**DATA BELOW**
******************************

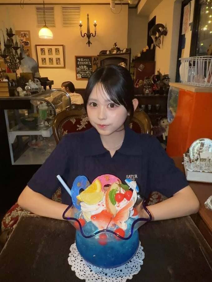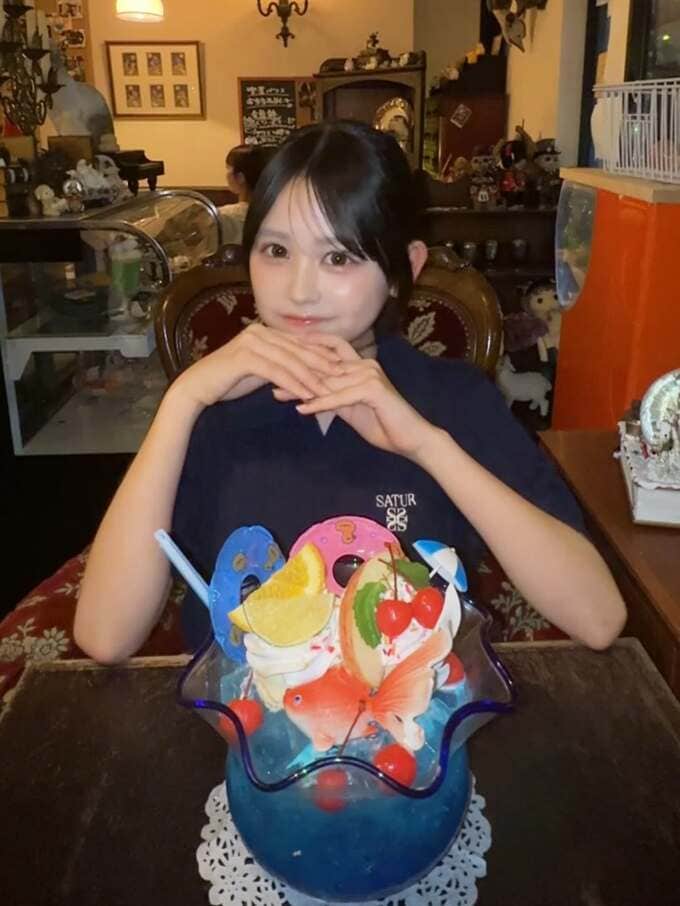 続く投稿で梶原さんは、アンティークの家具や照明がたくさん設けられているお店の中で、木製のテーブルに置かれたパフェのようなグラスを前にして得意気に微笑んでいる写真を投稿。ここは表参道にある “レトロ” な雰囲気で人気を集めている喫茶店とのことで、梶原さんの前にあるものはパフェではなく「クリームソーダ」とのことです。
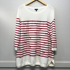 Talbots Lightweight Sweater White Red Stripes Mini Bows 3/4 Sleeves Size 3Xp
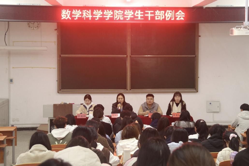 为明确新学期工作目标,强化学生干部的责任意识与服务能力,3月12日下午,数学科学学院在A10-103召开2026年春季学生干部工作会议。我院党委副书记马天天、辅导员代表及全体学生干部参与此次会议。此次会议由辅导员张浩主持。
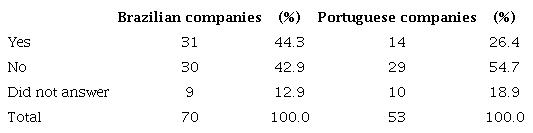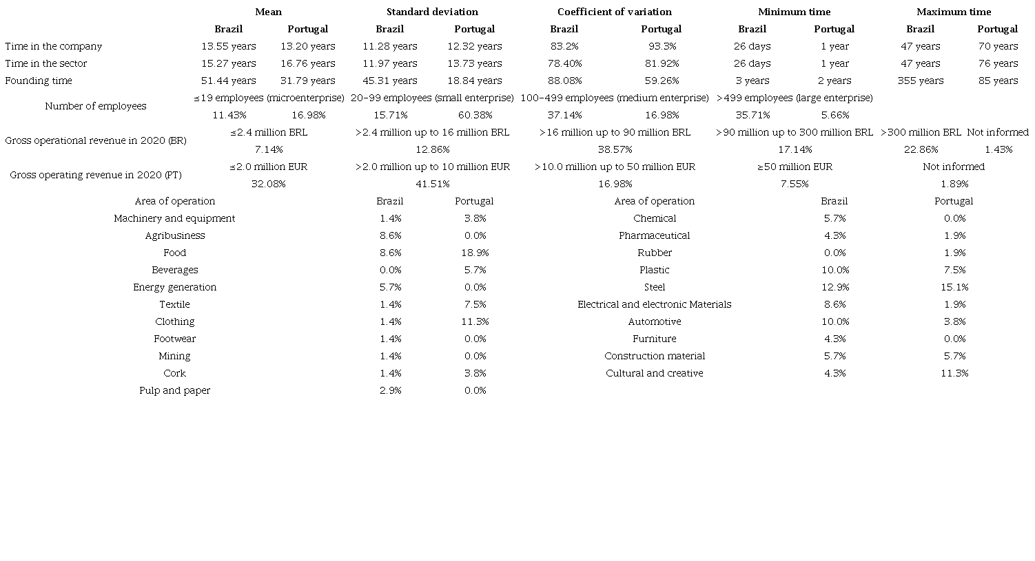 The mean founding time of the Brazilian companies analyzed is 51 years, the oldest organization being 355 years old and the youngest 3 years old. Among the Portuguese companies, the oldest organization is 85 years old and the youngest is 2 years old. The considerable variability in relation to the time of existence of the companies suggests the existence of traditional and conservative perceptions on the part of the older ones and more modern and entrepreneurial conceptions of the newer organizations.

******************************

**YOUR INSTRUCTIONS**
Output only the lines running from the top of the data above to the line with "为明确新学期工作目标,强化学", inclusive, word for word and without pictures.

**COMPLETED EXERCISE**
 続く投稿で梶原さんは、アンティークの家具や照明がたくさん設けられているお店の中で、木製のテーブルに置かれたパフェのようなグラスを前にして得意気に微笑んでいる写真を投稿。ここは表参道にある “レトロ” な雰囲気で人気を集めている喫茶店とのことで、梶原さんの前にあるものはパフェではなく「クリームソーダ」とのことです。
 Talbots Lightweight Sweater White Red Stripes Mini Bows 3/4 Sleeves Size 3Xp
 为明确新学期工作目标,强化学生干部的责任意识与服务能力,3月12日下午,数学科学学院在A10-103召开2026年春季学生干部工作会议。我院党委副书记马天天、辅导员代表及全体学生干部参与此次会议。此次会议由辅导员张浩主持。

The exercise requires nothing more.